Alebrijes de Oaxaca UABJO
- Full name: Alebrijes de Oaxaca UABJO Fútbol Club
- Nickname(s): Los Alebrijes (The Alebrijes)
- Founded: July 2013; 11 years ago
- Dissolved: June 15, 2023; 21 months ago
- Ground: Estadio Tecnológico de Oaxaca
- Capacity: 14,598
- Owner: Distribuidora Disur S.A. de C.V.
- Chairman: Juan Carlos Jones
- League: Liga Premier – Serie B
- Clausura 2023: 4th (Champions)
- Website: https://www.alebrijesoaxaca.com/
| Home colours | Away colours | Third colours |

= Alebrijes de Oaxaca Premier =

Mexican football club

Alebrijes de Oaxaca UABJO, also and officially named Alebrijes de Oaxaca Fútbol Club Premier, was a Mexican football team based in the city of Oaxaca, state of Oaxaca. They played in the third tier of Mexican football league, Serie B de México. The team was the second squad of the club Alebrijes de Oaxaca and was founded in 2013, dissolved in 2015 and resumed on July 30, 2021. The team was dissolved again on June 15, 2023 to give way to C.F. Orgullo Reynosa.

==History==
Alebrijes de Oaxaca was founded in December 2012 from the move of Tecamachalco F.C., due to the fact that this club could not compete in the Ascenso MX. However, since its creation, the club has maintained affiliated teams competing in lower categories of Mexican soccer in order to give its young players minutes to play.

Between 2013 and 2015 the affiliated team had the same name as the club, later in 2015 it was relocated to Malinalco and renamed Colibríes de Malinalco, finally between 2017 and 2018 the team was named Tecamachalco F.C. and was moved to Huixquilucan de Degollado.

In 2019, the club changed owners, so the new board decided to eliminate the policy of affiliated teams and return to developing their own squads. Between 2020 and 2021, Alebrijes maintained an agreement with C.D. Cuautla to send some of his players on loan so that they had professional experience.
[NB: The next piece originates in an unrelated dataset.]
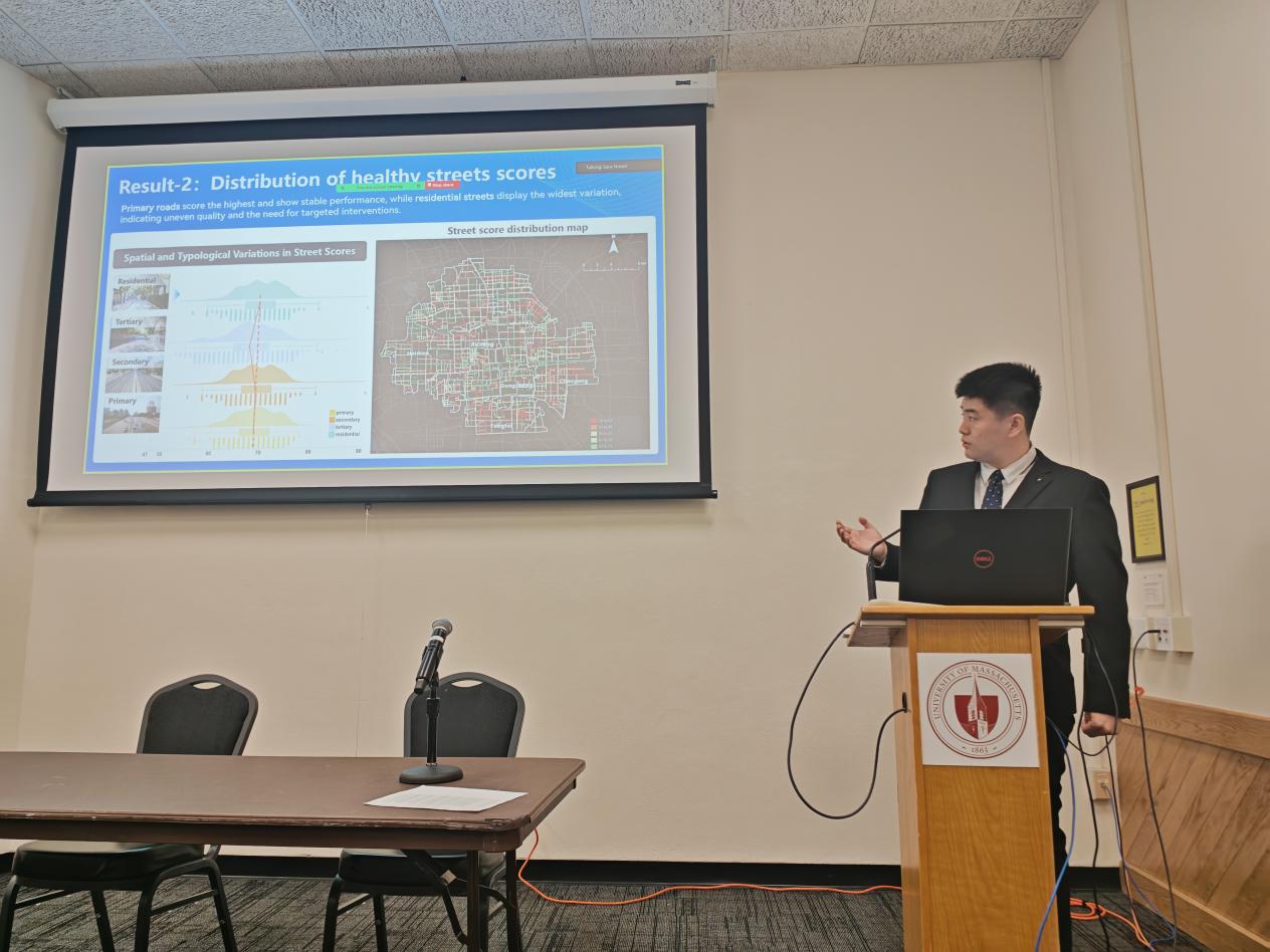 会议共设7个分论坛,在丁奇教授的指导下,田雨泽博士在“Urban and Community Parks”分论坛进行了口头报告,报告题目为“Research on the Evaluation andStrategy of Streets in the Central UrbanDistricts of Beijing from the Perspective of the Healthy Streets”,聚焦于北京中心地区城市街道的健康影响评估,量化分析街道问题并探讨成因与策略。研究采用改良后的伦敦健康街道方法,对各类街道进行调研和评分,比较不同行政区街道的得分差异及其原因。研究总结了北京街道在基础功能和休闲体验方面的优势与不足,并从政策导向和综合治理层面分析街道问题的深层次成因,提出相应的更新措施,为其他大型城市街道健康评估研究提供参考。在孙喆副教授指导下,研究生郑璐在“Ecological and Environmental Design”分论坛做题为‘Risk Assessment of Mountain Road Networks Induced by Extreme Rainfall-Triggered Geological DisastersA Case Study of Mentougou District, Beijing’的报告。聚焦于极端降雨引发的地质灾害对北京市门头沟区山区道路网络的风险性评估,采用随机森林模型、复杂网络理论和熵权TOPSIS法,评估道路的危险性、脆弱性和暴露度。通过综合评估,研究为灾害应急响应、路网优化和地质灾害防治提供了科学依据。两位同学顺利完成报告发言并回答现场提问,与各国参会人员进行了深入的学术交流与讨论。
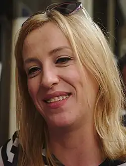 Following the elections, Dourou was appointed to the Shadow Cabinet of Alexis Tsipras, where she was made responsible for foreign policy.[6] In the beginning, Dourou had to cope with prejudices against female politicians, with a Kathimerini commentator railing that the "nice blonde" be rather "a qualified kindergarten teacher" than qualified on foreign policy issues.[7] However, she fought her way through male dominance and sexism, defining Syriza's defence and foreign policy, as to be increasingly described her party's "rising star".[4]

On July 30, 2021, the return of the team was made official to take part in the Liga Premier de México, which was formed with players from the Liga TDP team, the youth squads and footballers from other clubs.

On August 26, 2022, Alebrijes de Oaxaca and the Benito Juárez Autonomous University of Oaxaca (UABJO) signed an agreement through which the club was integrated into the sports structure of the university, with the aim of ensuring the continuity of the team in Oaxaca, and have access to university sports facilities. As part of the agreement, the team would be called Alebrijes UABJO, finally that name was adopted by Alebrijes de Oaxaca Premier, leaving the first team with the original name.

In the Clausura 2023 the team won its first championship after defeating T'ho Mayas in the final series of the Liga Premier – Serie B. Later the team won the title of champion of the season after defeating Club Calor, champions of the Apertura 2022 tournament.

==Stadium==

The Estadio Tecnológico de Oaxaca is a multi-use stadium in Oaxaca City, Oaxaca, Mexico. It is currently used mostly for football matches and is the home stadium for Alebrijes de Oaxaca. The stadium has a capacity of 14,598 people and also includes 72 luxury boxes.